Поезд «Москва – Новороссийск» стоял на станции Тоннельная, и меня уже охватывало нетерпение: когда же наконец он тронется? Да, я помнил, что стоянка десять минут, а потом мы тихо въедем в первый тоннель. Справа будет мокрый склон горы – видимо, там все время родники пробиваются сквозь земляную толщу, – а слева будет только бетон. Зажгут дежурное, или аварийное, освещение – не знаю, как правильно это назвать. За окном тоже будут гореть фонари в самом туннеле… Раньше я здесь начинал окончательные сборы, переодевался в парадное (ну, скажем так) из вагонного, складывал вещи в сумку или чемодан, выбрасывал остатки еды и прочий мусор. Но сегодня меня от нетерпения проняло аж в Крымске заняться этим, поэтому все уж было готово к Тоннельной. И даже раньше. Прямо подмывало поскорее собраться. А поскольку оба попутчика выходили в Тоннельной, то это было лишним стимулом.
Вагон опустел, и я прошелся по нему, борясь с нетерпением. Да, так и есть: люди остались только в четырех купе. Ну да что еще ждать от сентября – народ схлынул к началу учебного года, теперь их будет куда меньше. Впрочем, я тут не был уже три года, вдруг что-то изменилось по сравнению с прежним временем. Ладно, у меня все равно вопрос с жильем решен, а вот с остальным – увидим. Я так хотел этого «увидим», что не мог сидеть в купе и все время вскакивал и ходил. Хотя мне дали только надежду на то, что все изменится, а вот сбудется ли эта надежда? Я три года надеялся и уже стал думать, что все осталось в прошлом, и вот теперь…
Давно не жил в Новороссийске, бывая там только в отпуске, особенно после того, как родители переехали к брату в Волгоград.
Вот четыре года назад я, приехав сюда, встретил на улице Ирину и влюбился в нее. Потом она приезжала ко мне в Брянск, мы переписывались, а потом – разрыв… Так что я сюда перестал ездить – было больно ходить по улицам, на которых я не встречу ее. Потом стало легче, а еще позже выяснилось, что Ирина теперь сожалеет о разрыве и готова все изменить в отношениях на то, что было прежде. Так что я еле дождался сентября, благо у нас на работе случился период «мертвого сезона» с новыми заказами.
Вроде уже пора трогаться, а мы все еще стоим и стоим. Нет, надо сесть и посидеть… Проводники обычно просят по вагону при прохождении тоннеля не бегать, а сидеть в своем купе. Поэтому я сел, насильно заставив себя. Нетерпение заставляло сердце рваться из груди, потому я и отвлекал себя: вот сейчас тронемся, доедем до мокрого склона, потом будет темнота туннеля, потом выедем на свет. Справа вдали будет станица Раевская, а слева какие-то домики, в которых живет охрана туннеля, а шоссе на Новороссийск останется сверху. Потом мы проедем второй, меньший туннель, а сверху будет перевал Волчьи Ворота, а впереди…

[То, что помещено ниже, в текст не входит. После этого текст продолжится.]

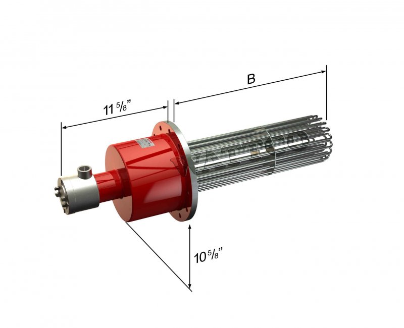 WATTCO™ flange heaters are supplied with unlimited immersed lengths. When the immersed length exceeds 50”, it is recommended to install an internal vessel support. |

…Зашипел воздух в тормозах. Сейчас, наверное, тронемся. Но мы не двигались и не двигались. Мне отчего-то захотелось спать, и я привалился к стенке купе. Вот не вовремя меня пробило: доуговаривался, досамоуспокаивался и досамозатормозился. Ну ладно, делать-то до вокзала все равно нечего, только переживать. А поезд будет тащиться, словно нарочно, медленно: то в Гайдуке тормознет, хотя в расписании там стоянки нет, то неспешно протащится вдоль гаражей за Кирилловской петлей, да и потом на Мефодиевке он не летит стрелой… Ну даже если засну, то разбудят. Дальше Новороссийска поезд все равно не идет. Как ни пытайся, но сильно за вокзал не продвинешься, не получится. Я попытался вспомнить, где кончаются железнодорожные пути – на Шесхарисе или раньше. Смог вспомнить только, что они есть у довоенного Дворца цементников, но вот дальше куда они уходят, память отказывалась сообщить. Пути явно куда-то сворачивали – наверное, на электростанцию.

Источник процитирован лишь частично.